Hi Ramesh, I think you may need to add a <security-constraint> section to the web.xml. The Weblogic console is quite good for playing about with things like this (unfortunately I'm away from the office at the moment). I also find Sun's DTD for web.xml a good reference for things like this. Basically, think of the Axis URLs as requiring username/password authentication just as if they were standard HTML or JSP pages and secure them using the deployment descriptor. Then the EJB access should work just as you expected. Hope this helps Keith
-----Original Message-----
From: Bobba, Ramesh [mailto:[EMAIL PROTECTED]
Sent: Thu 04/03/2004 16:59
To: '[EMAIL PROTECTED]'
Cc:
Subject: RE: EJB Authentication
Hi Keith,
I am using Weblogic right now (we also plan to support websphere). I am a bit
confused about what you mean by - replicating EJB security constraints on the Axis
servlet. Are you talking about adding the
<security-role><role-name>somerole</role-name></security-role> elements?
Thanks,
Ramesh.
-----Original Message-----
From: Keith Hatton [mailto:[EMAIL PROTECTED]
Sent: Thursday, March 04, 2004 1:31 AM
To: [EMAIL PROTECTED]
Subject: RE: EJB Authentication
Hi Ramesh,
What app server are you using now?
I've had authentication working using Axis on Weblogic and JBoss in
the past, though I do remember it was more complicated than I expected. The
call.setUsername() and call.setPassword() approach looks fine from what I remember,
but maybe that information is not being passed on to the EJB container.
I seem to remember that what worked best was replicating the EJB
security constraints on the Axis servlet - i.e. adding them to web.xml.
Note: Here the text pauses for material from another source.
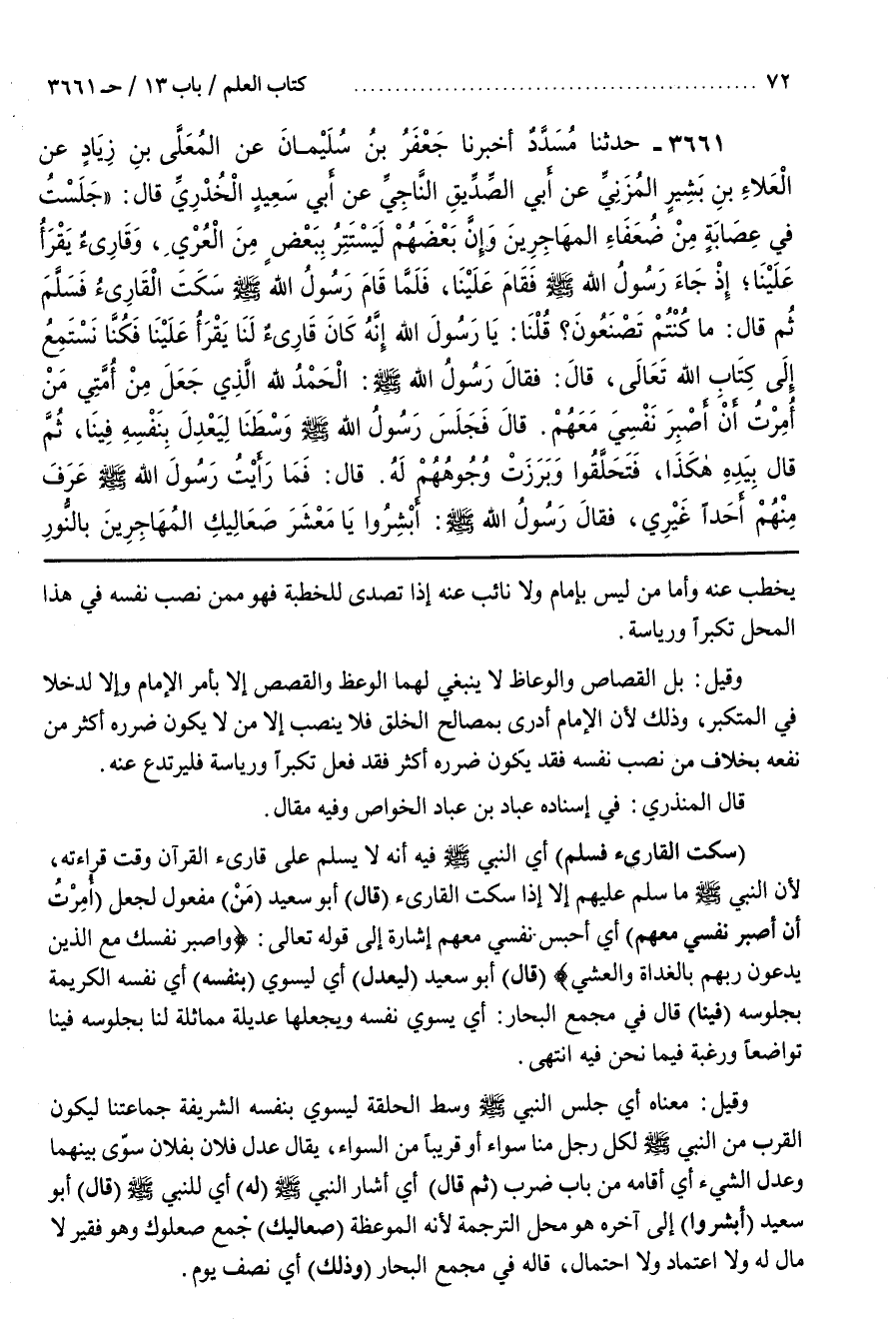 [3666] (سَكَتَ الْقَارِئُ فَسَلَّمَ) أَيِ النَّبِيُّ صَلَّى اللَّهُ عَلَيْهِ وَسَلَّمَ فِيهِ أَنَّهُ لَا يُسَلَّمُ عَلَى قَارِئِ الْقُرْآنِ وَقْتَ قِرَاءَتِهِ لِأَنَّ النَّبِيَّ صَلَّى اللَّهُ عَلَيْهِ وَسَلَّمَ مَا سَلَّمَ عَلَيْهِمْ إِلَّا إِذَا سكت القارئ (قال) أبو سعيد (مَنْ) مَفْعُولٌ لِجَعَلَ (أُمِرْتُ أَنْ أَصْبِرَ نَفْسِيَ مَعَهُمْ) أَيْ أَحْبِسَ نَفْسِي مَعَهُمْ إِشَارَةً إِلَى قَوْلِهِ تَعَالَى وَاصْبِرْ نَفْسَكَ مَعَ الَّذِينَ يَدْعُونَ ربهم بالغداة والعشي (قَالَ) أَبُو سَعِيدٍ (لِيَعْدِلَ) أَيْ لِيُسَوِّيَ (بِنَفْسِهِ) أَيْ نَفْسِهِ الْكَرِيمَةِ بِجُلُوسِهِ (فِينَا) قَالَ فِي مَجْمَعِ الْبِحَارِ أَيْ يُسَوِّي نَفْسَهُ وَيَجْعَلُهَا عَدِيلَةً مُمَاثِلَةً لَنَا بِجُلُوسِهِ فِينَا تَوَاضُعًا وَرَغْبَةً فِيمَا نَحْنُ فِيهِ انْتَهَى

That way, when
the Axis EJB provider asks for an InitialContext to do its lookup, it automatically
presents the right username/password settings to the EJB container.
Hope this helps
Keith
-----Original Message-----
From: Bobba, Ramesh [mailto:[EMAIL PROTECTED]
Sent: Thu 04/03/2004 00:49
To: Axis-User (E-mail)
Cc:
Subject: EJB Authentication
Hi,
I get an java.rmi.AccessException exception because the EJBs
that the
WebService implementation class is trying to use are
username/password
protected. We were using weblogic and with that, the client
was able to
authenticate by making call:
call.setProperty("javax.xml.rpc.security.auth.username",
"username");
call.setProperty("javax.xml.rpc.security.auth.password",
"password");
I tried using both the
call.setProperty(Call.USERNAME_PROPERTY,
"username")/call.setProperty(Call.PASSWORD_PROPERTY, "password)
and also
call.setUsername("username")/call.setPassword("password")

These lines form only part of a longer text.